From the material below, retype exactly the lines that begin at the line with "Under fjärde kvartalet" and end after the line with "Сегодня мы разберем"; pictures stay out of the copy.

#### Extracted material

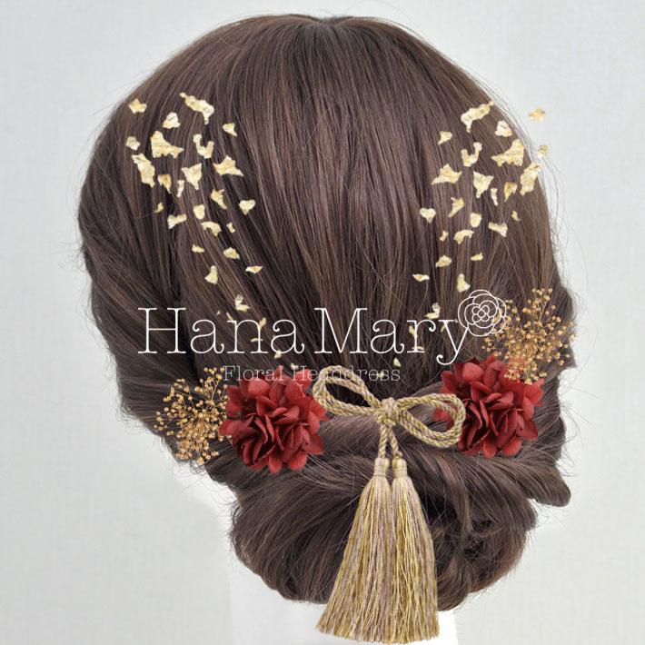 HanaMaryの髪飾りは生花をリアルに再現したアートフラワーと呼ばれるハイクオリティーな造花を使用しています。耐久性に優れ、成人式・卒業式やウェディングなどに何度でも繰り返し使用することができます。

########
#### Extracted material

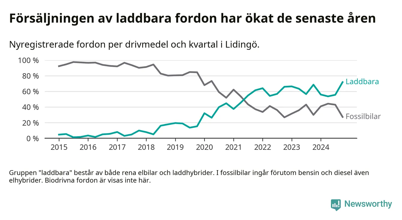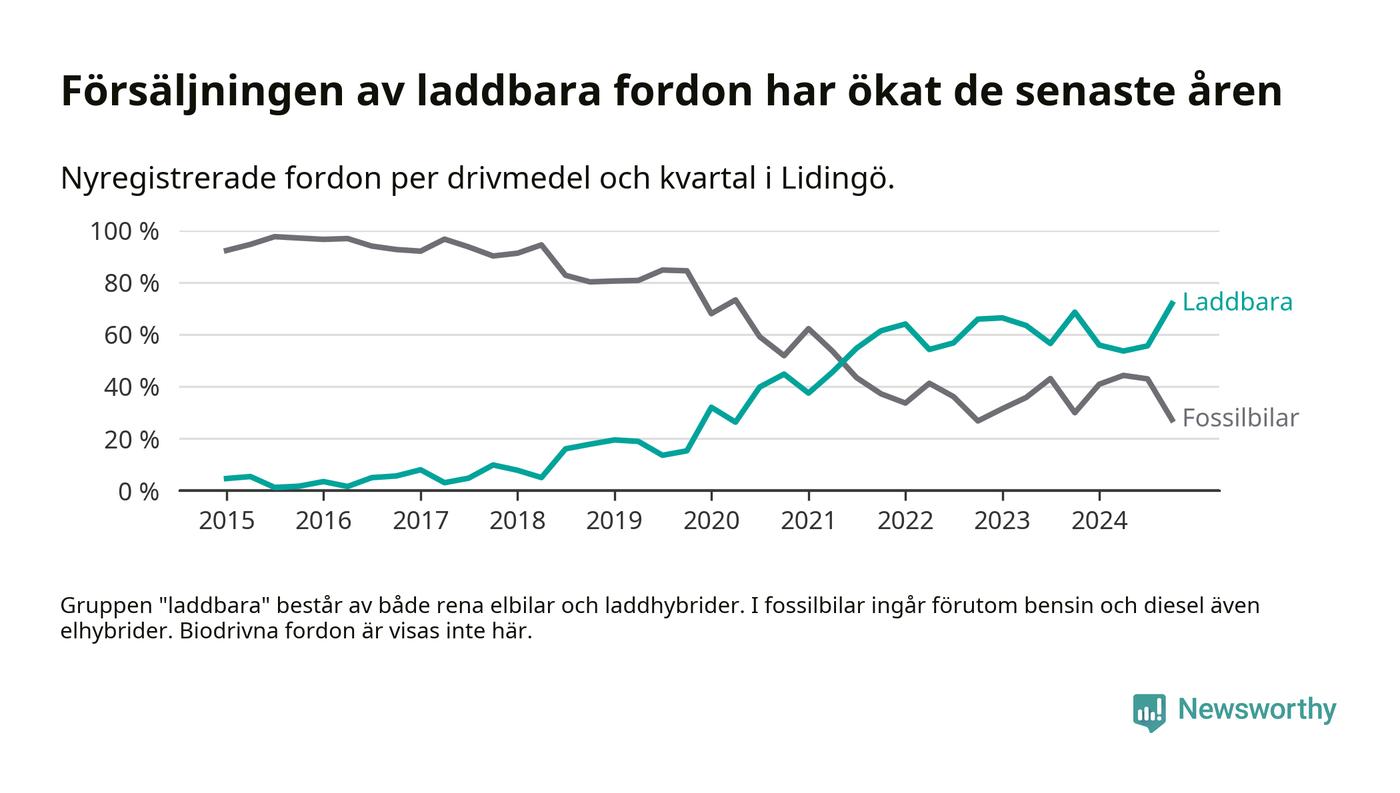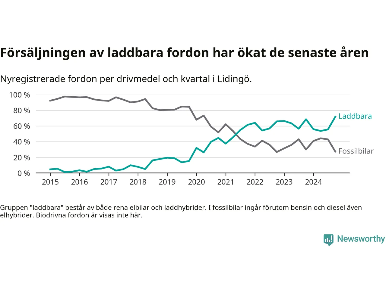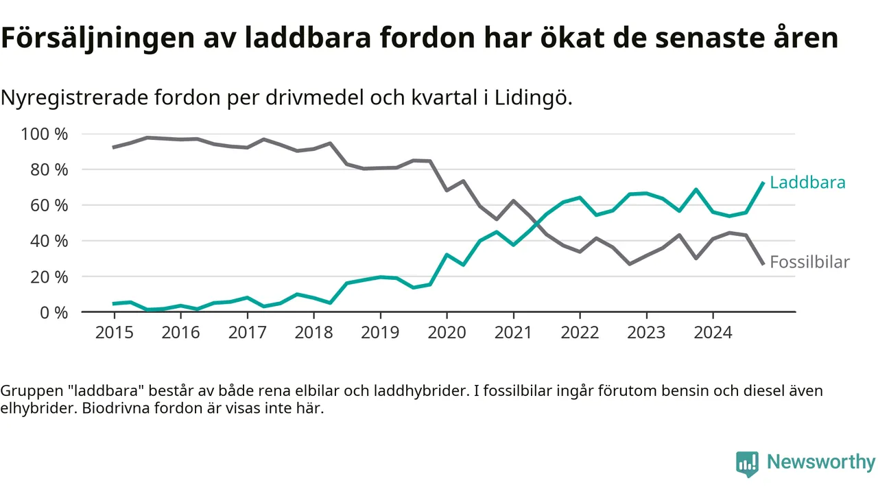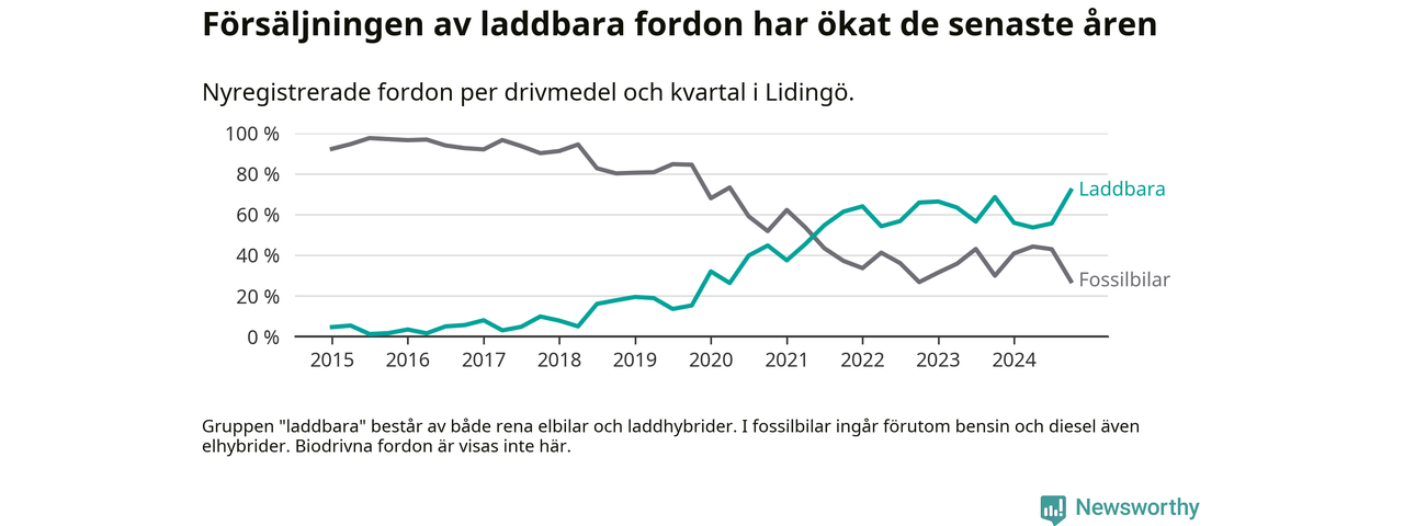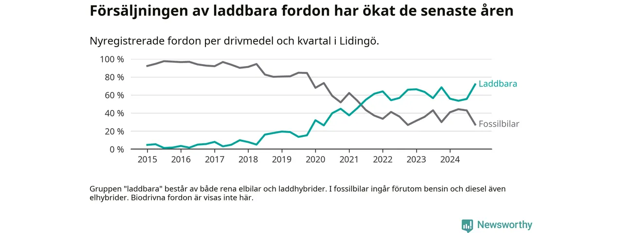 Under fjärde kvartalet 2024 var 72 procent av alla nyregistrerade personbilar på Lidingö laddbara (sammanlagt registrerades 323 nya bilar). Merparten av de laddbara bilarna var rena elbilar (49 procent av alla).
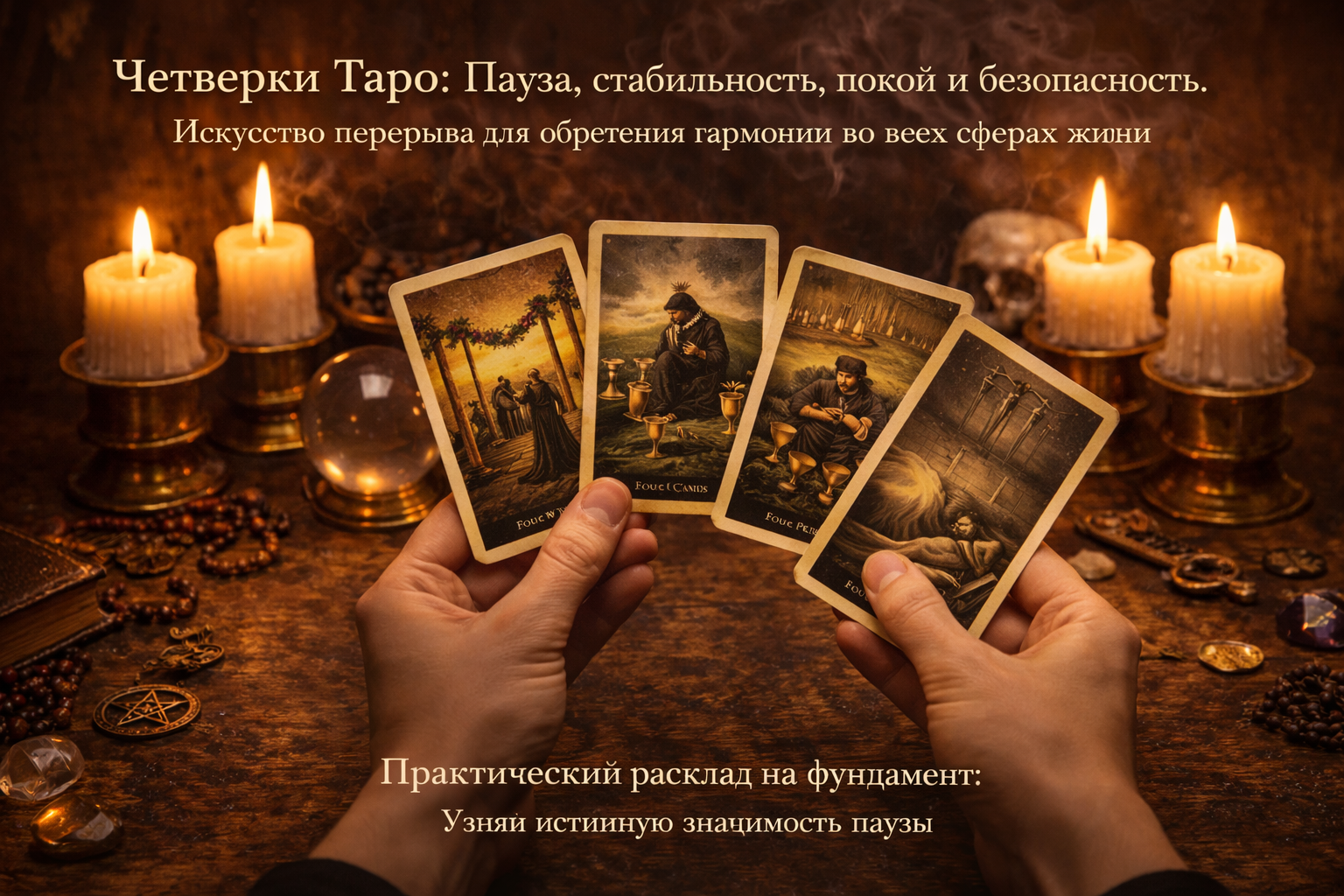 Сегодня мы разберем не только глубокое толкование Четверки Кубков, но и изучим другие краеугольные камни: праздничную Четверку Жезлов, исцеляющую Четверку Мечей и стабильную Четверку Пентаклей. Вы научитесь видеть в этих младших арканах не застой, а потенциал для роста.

########

> _Output of the exercise_:
 Under fjärde kvartalet 2024 var 72 procent av alla nyregistrerade personbilar på Lidingö laddbara (sammanlagt registrerades 323 nya bilar). Merparten av de laddbara bilarna var rena elbilar (49 procent av alla).
 Сегодня мы разберем не только глубокое толкование Четверки Кубков, но и изучим другие краеугольные камни: праздничную Четверку Жезлов, исцеляющую Четверку Мечей и стабильную Четверку Пентаклей. Вы научитесь видеть в этих младших арканах не застой, а потенциал для роста.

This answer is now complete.